• Goal of the exercise: For the entries that follow, retype exactly the lines from the one containing "Inspired by vintage" to the one containing "Museo delle Navi", inclusive, and only those. Images stay out of the copy.

• Excerpted data:

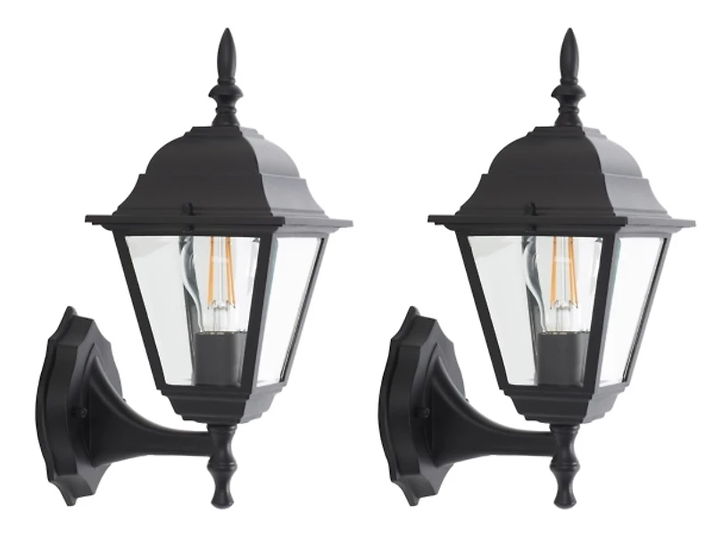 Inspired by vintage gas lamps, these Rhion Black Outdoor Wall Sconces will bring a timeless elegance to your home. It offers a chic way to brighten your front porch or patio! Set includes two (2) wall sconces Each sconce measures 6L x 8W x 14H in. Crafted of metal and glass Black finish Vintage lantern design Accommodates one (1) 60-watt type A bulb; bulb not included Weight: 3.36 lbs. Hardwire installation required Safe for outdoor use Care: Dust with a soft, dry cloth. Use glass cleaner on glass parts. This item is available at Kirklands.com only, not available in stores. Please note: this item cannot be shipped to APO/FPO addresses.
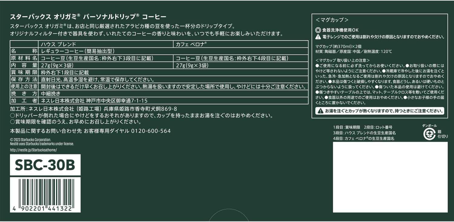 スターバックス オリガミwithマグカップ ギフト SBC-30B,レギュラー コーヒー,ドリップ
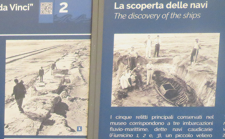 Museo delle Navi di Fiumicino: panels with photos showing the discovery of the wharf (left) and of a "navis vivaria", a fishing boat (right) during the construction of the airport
--
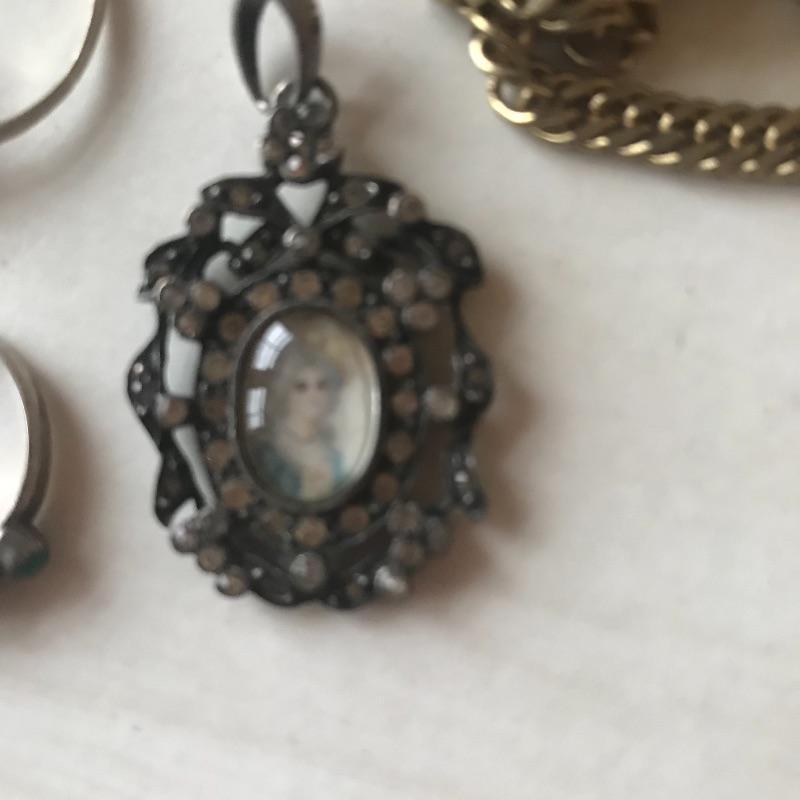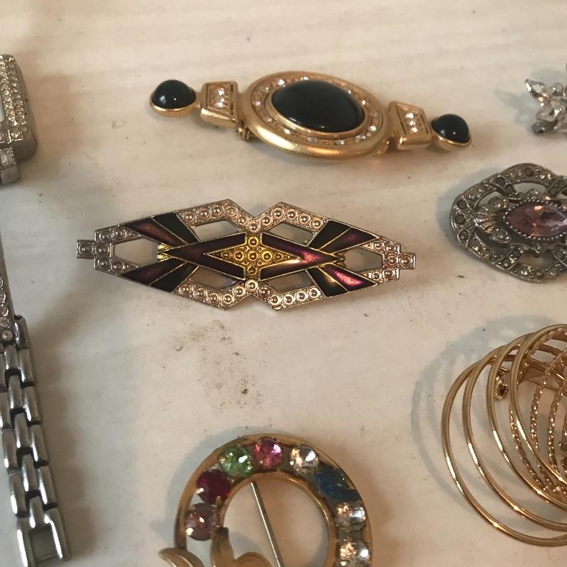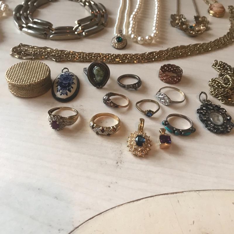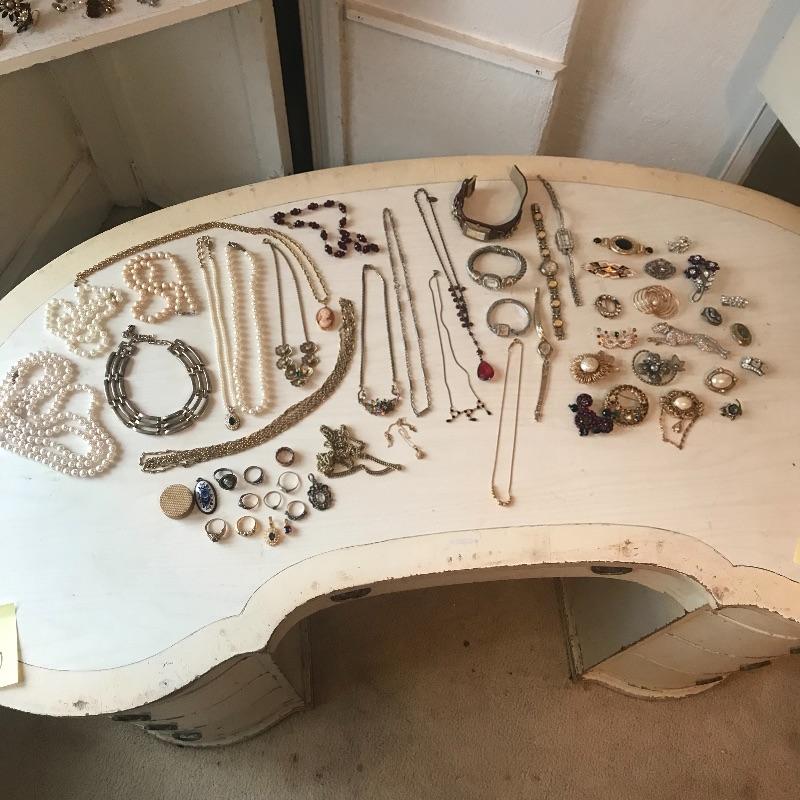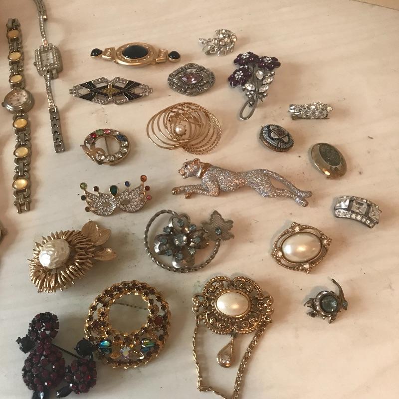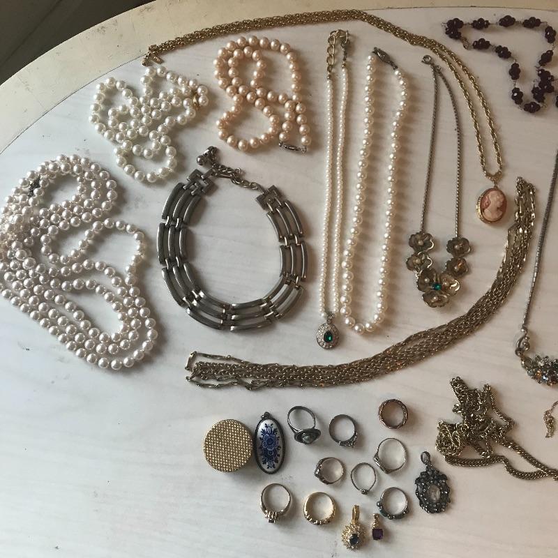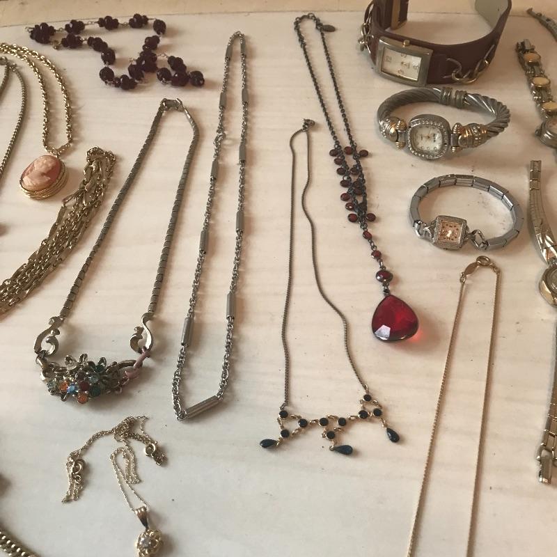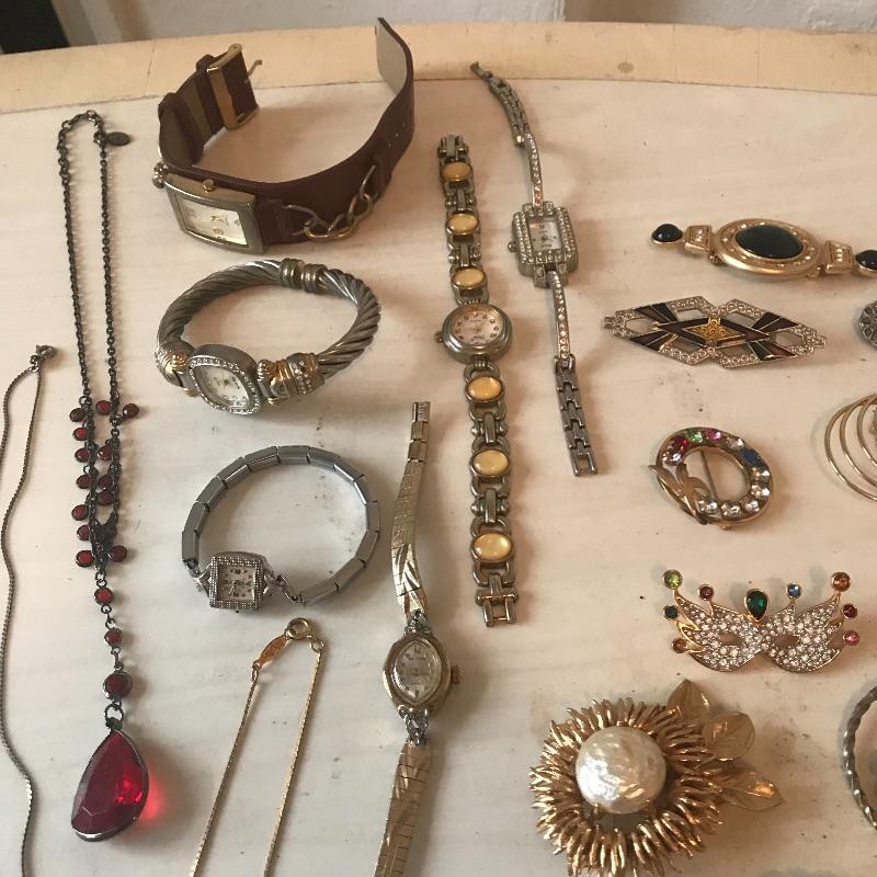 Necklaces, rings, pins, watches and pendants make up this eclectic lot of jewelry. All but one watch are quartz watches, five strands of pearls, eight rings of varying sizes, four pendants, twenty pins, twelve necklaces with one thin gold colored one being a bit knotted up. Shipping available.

• Reply to the task:
 Inspired by vintage gas lamps, these Rhion Black Outdoor Wall Sconces will bring a timeless elegance to your home. It offers a chic way to brighten your front porch or patio! Set includes two (2) wall sconces Each sconce measures 6L x 8W x 14H in. Crafted of metal and glass Black finish Vintage lantern design Accommodates one (1) 60-watt type A bulb; bulb not included Weight: 3.36 lbs. Hardwire installation required Safe for outdoor use Care: Dust with a soft, dry cloth. Use glass cleaner on glass parts. This item is available at Kirklands.com only, not available in stores. Please note: this item cannot be shipped to APO/FPO addresses.
 スターバックス オリガミwithマグカップ ギフト SBC-30B,レギュラー コーヒー,ドリップ
 Museo delle Navi di Fiumicino: panels with photos showing the discovery of the wharf (left) and of a "navis vivaria", a fishing boat (right) during the construction of the airport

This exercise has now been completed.